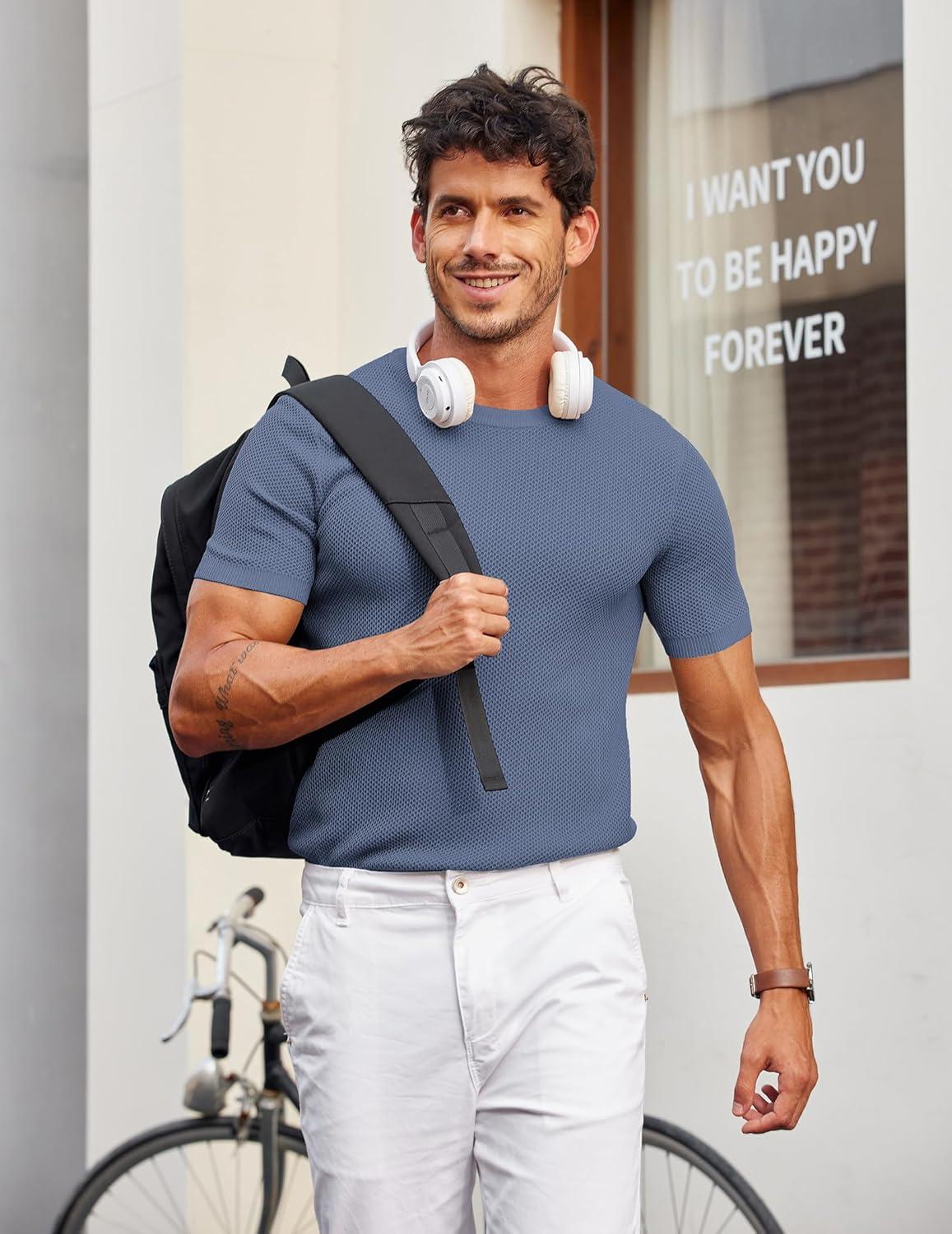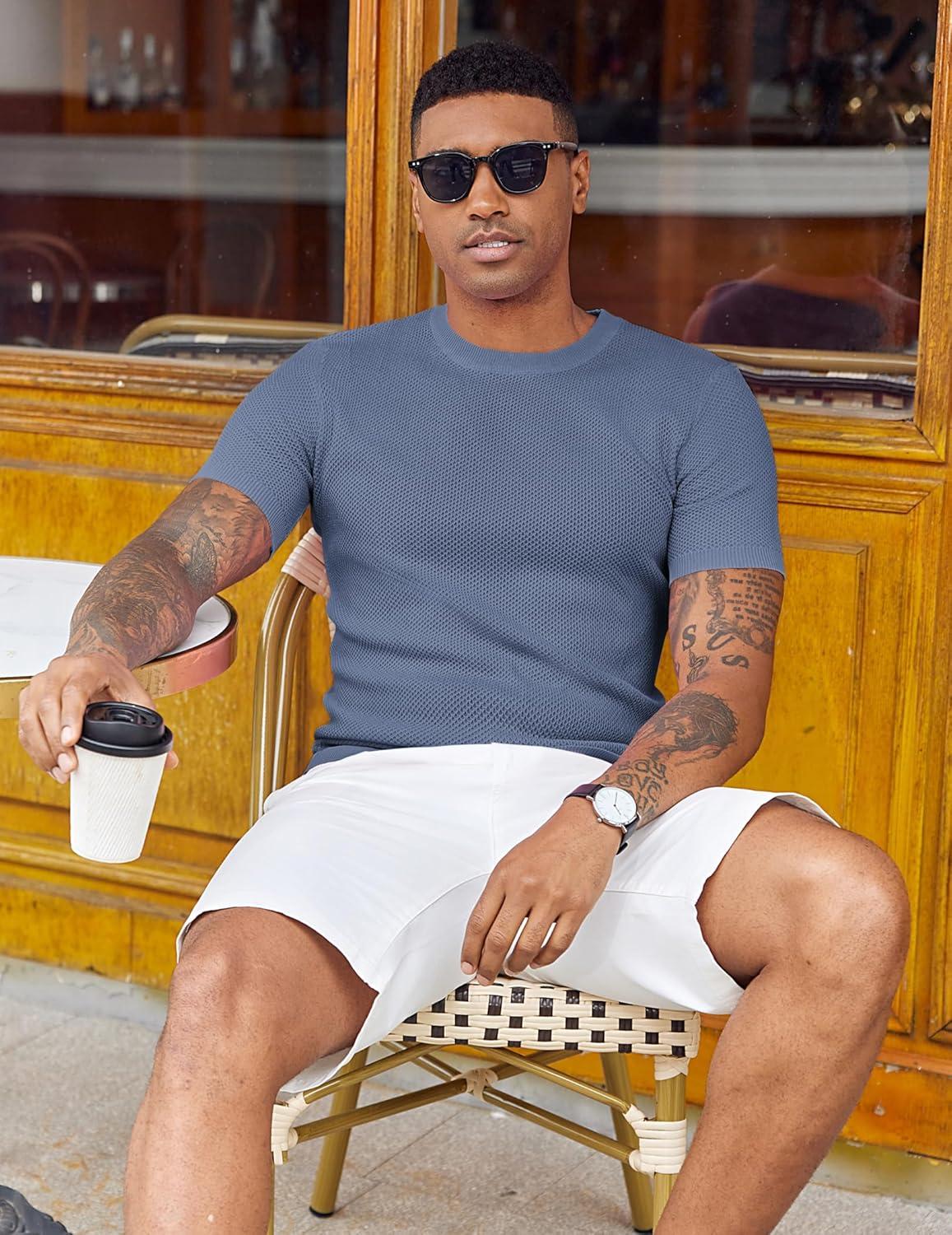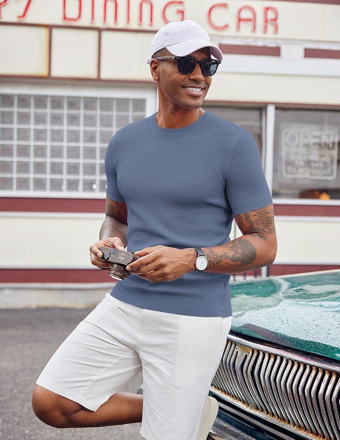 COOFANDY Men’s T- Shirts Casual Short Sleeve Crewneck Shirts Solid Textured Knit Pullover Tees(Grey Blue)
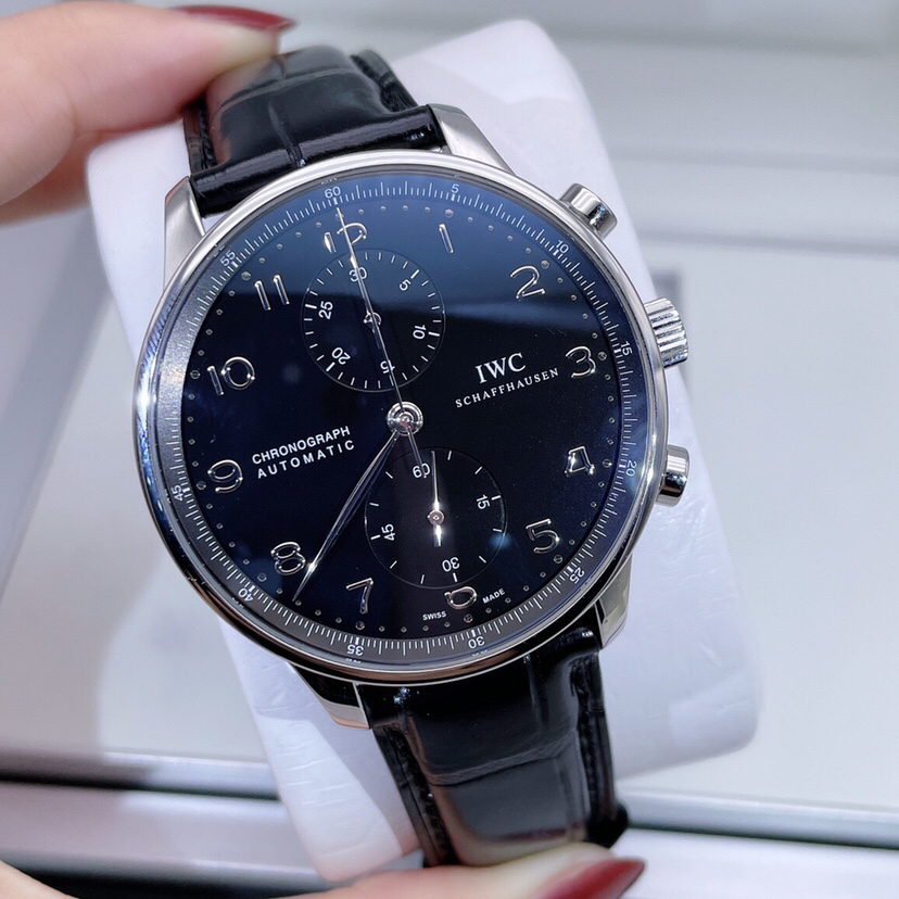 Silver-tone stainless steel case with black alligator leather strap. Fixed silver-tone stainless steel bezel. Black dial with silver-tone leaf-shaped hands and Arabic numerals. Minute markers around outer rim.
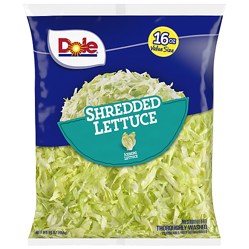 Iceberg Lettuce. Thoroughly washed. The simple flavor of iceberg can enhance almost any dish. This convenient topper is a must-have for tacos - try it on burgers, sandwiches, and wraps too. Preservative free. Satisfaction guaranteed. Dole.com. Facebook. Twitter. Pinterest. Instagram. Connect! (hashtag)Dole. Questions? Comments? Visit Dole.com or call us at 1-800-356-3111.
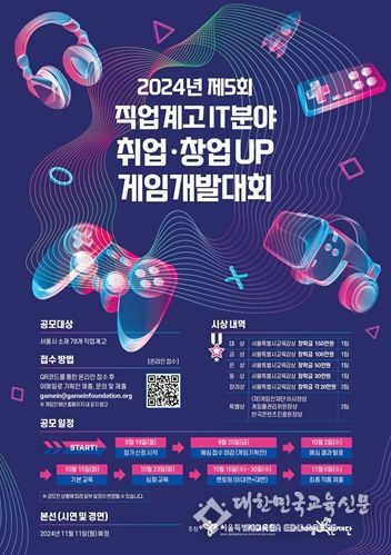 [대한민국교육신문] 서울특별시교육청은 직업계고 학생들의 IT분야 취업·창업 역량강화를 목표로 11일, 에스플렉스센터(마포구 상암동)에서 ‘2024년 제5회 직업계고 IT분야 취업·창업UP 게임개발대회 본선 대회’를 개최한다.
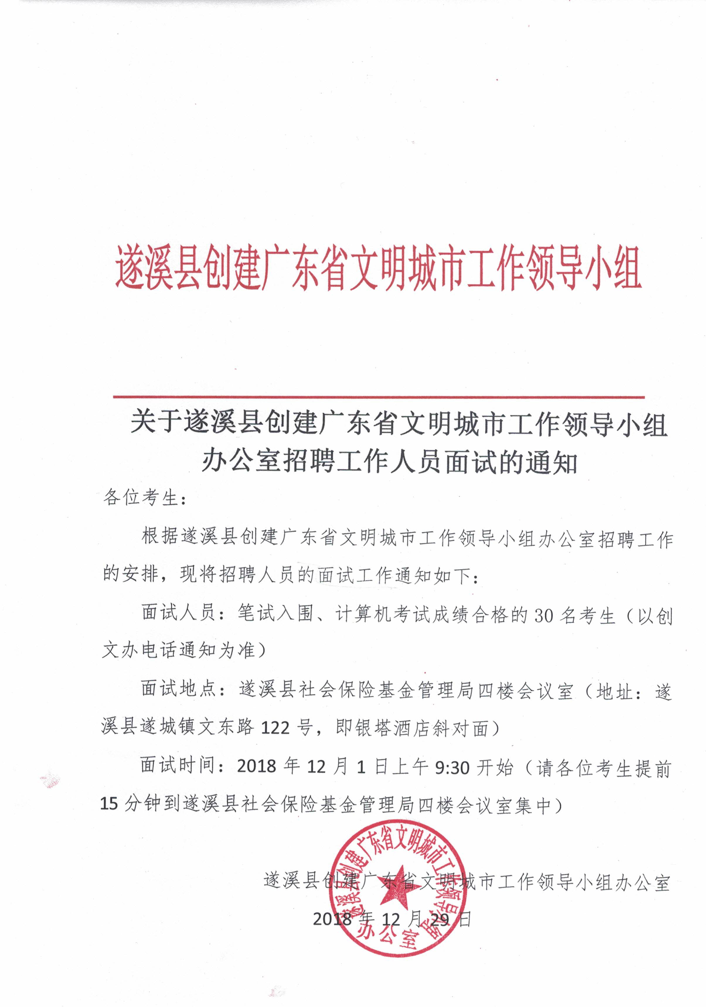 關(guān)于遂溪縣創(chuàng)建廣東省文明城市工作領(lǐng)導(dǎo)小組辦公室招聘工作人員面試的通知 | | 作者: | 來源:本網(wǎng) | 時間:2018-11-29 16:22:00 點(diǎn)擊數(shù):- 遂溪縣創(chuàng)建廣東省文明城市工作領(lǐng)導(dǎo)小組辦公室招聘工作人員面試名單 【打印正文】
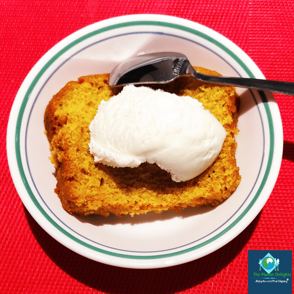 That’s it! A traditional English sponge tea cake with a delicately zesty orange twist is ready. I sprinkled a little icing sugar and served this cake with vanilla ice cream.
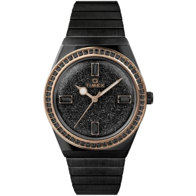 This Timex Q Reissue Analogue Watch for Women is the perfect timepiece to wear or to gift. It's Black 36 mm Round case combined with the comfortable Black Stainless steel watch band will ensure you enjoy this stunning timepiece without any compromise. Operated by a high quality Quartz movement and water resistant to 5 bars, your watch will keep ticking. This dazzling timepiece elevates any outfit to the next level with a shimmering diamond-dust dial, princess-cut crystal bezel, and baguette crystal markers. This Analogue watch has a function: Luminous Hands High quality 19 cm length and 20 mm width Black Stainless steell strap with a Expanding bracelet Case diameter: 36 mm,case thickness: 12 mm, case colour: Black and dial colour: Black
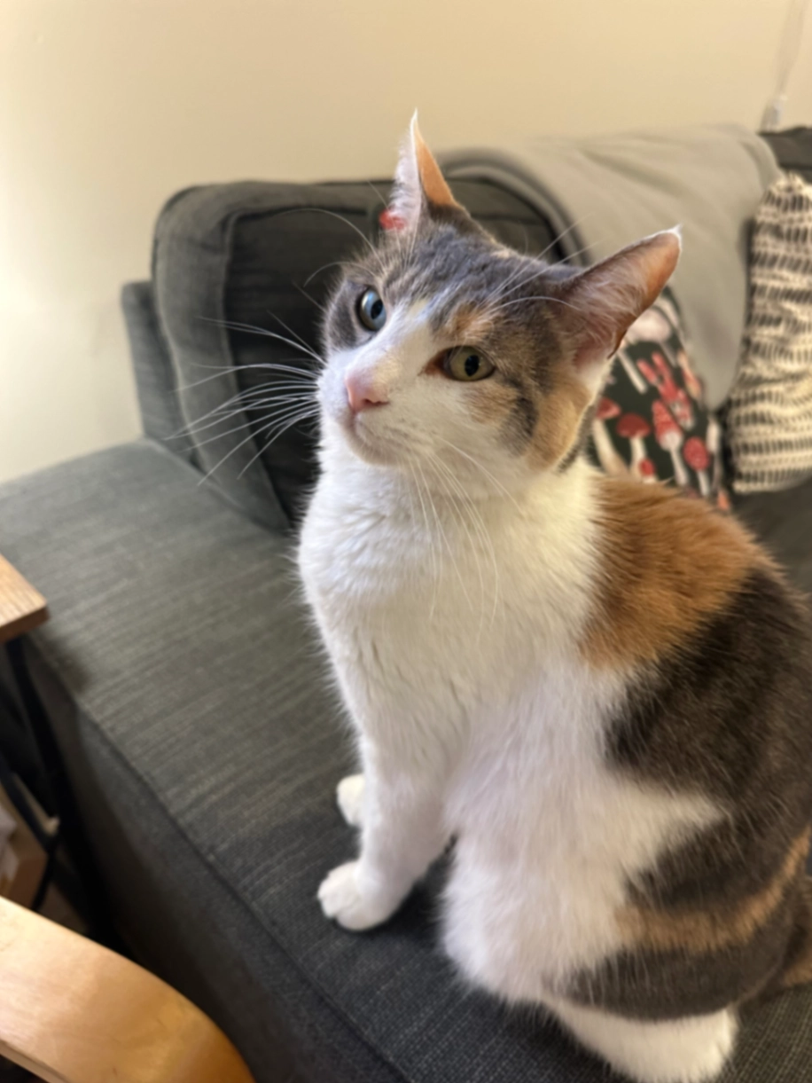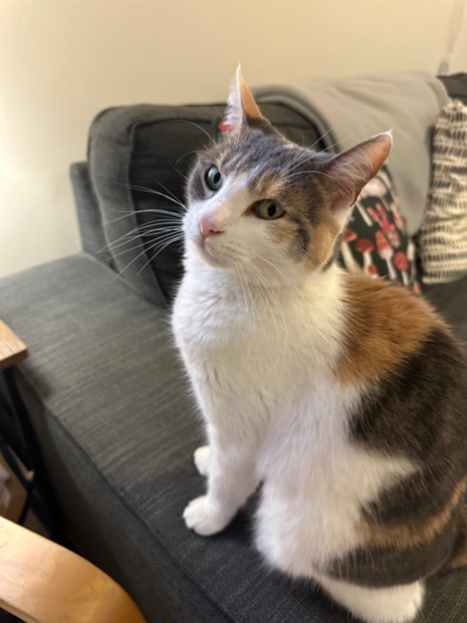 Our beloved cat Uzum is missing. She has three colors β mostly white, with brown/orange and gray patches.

Problem to solve:
Output only the lines above from the line that holds "關(guān)于遂溪縣創(chuàng)建廣東省文明城市工作領(lǐng)導(dǎo)小組辦公室招聘工作人員面試的通知 | |" through the line that holds "That’s it! A", both ends included, and exclude pictures.

Solution:
 關(guān)于遂溪縣創(chuàng)建廣東省文明城市工作領(lǐng)導(dǎo)小組辦公室招聘工作人員面試的通知 | | 作者: | 來源:本網(wǎng) | 時間:2018-11-29 16:22:00 點(diǎn)擊數(shù):- 遂溪縣創(chuàng)建廣東省文明城市工作領(lǐng)導(dǎo)小組辦公室招聘工作人員面試名單 【打印正文】
 That’s it! A traditional English sponge tea cake with a delicately zesty orange twist is ready. I sprinkled a little icing sugar and served this cake with vanilla ice cream.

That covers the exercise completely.